=== The data ===
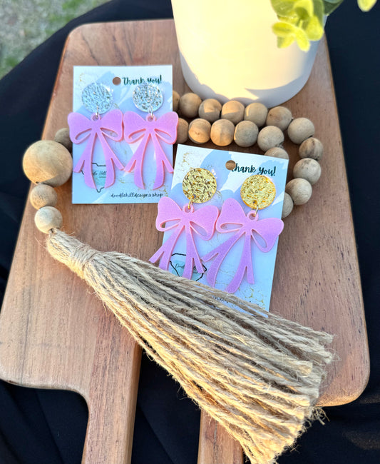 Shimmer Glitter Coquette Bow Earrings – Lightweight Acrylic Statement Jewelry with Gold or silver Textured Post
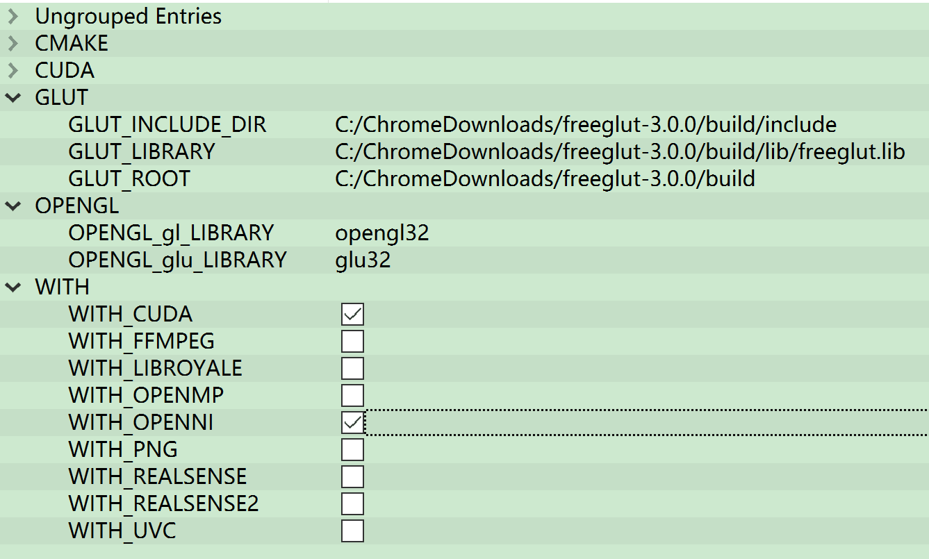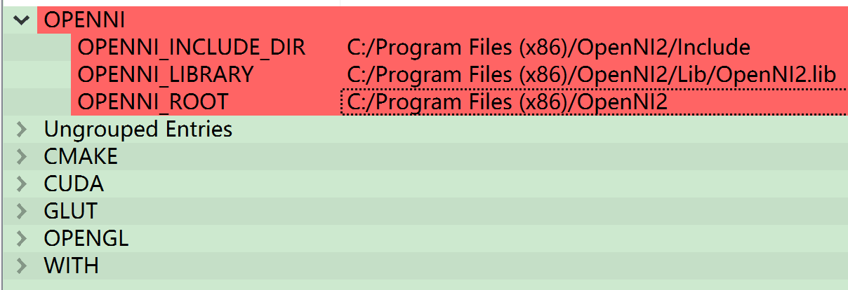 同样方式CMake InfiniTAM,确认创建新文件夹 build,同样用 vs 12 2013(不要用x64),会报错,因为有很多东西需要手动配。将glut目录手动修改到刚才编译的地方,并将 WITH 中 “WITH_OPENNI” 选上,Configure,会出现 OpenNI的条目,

* * *

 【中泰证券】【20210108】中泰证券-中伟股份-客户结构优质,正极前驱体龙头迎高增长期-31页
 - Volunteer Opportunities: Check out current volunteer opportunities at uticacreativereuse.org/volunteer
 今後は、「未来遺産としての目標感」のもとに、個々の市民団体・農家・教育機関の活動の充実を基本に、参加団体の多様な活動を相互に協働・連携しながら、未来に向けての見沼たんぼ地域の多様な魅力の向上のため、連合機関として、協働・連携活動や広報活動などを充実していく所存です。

=== What to produce ===
Your task is to restate, word for word, only those lines above that fall between the line holding "- Volunteer Opportunities: Check" and the line holding "今後は、「未来遺産としての目", inclusive.

=== Response area ===
 - Volunteer Opportunities: Check out current volunteer opportunities at uticacreativereuse.org/volunteer
 今後は、「未来遺産としての目標感」のもとに、個々の市民団体・農家・教育機関の活動の充実を基本に、参加団体の多様な活動を相互に協働・連携しながら、未来に向けての見沼たんぼ地域の多様な魅力の向上のため、連合機関として、協働・連携活動や広報活動などを充実していく所存です。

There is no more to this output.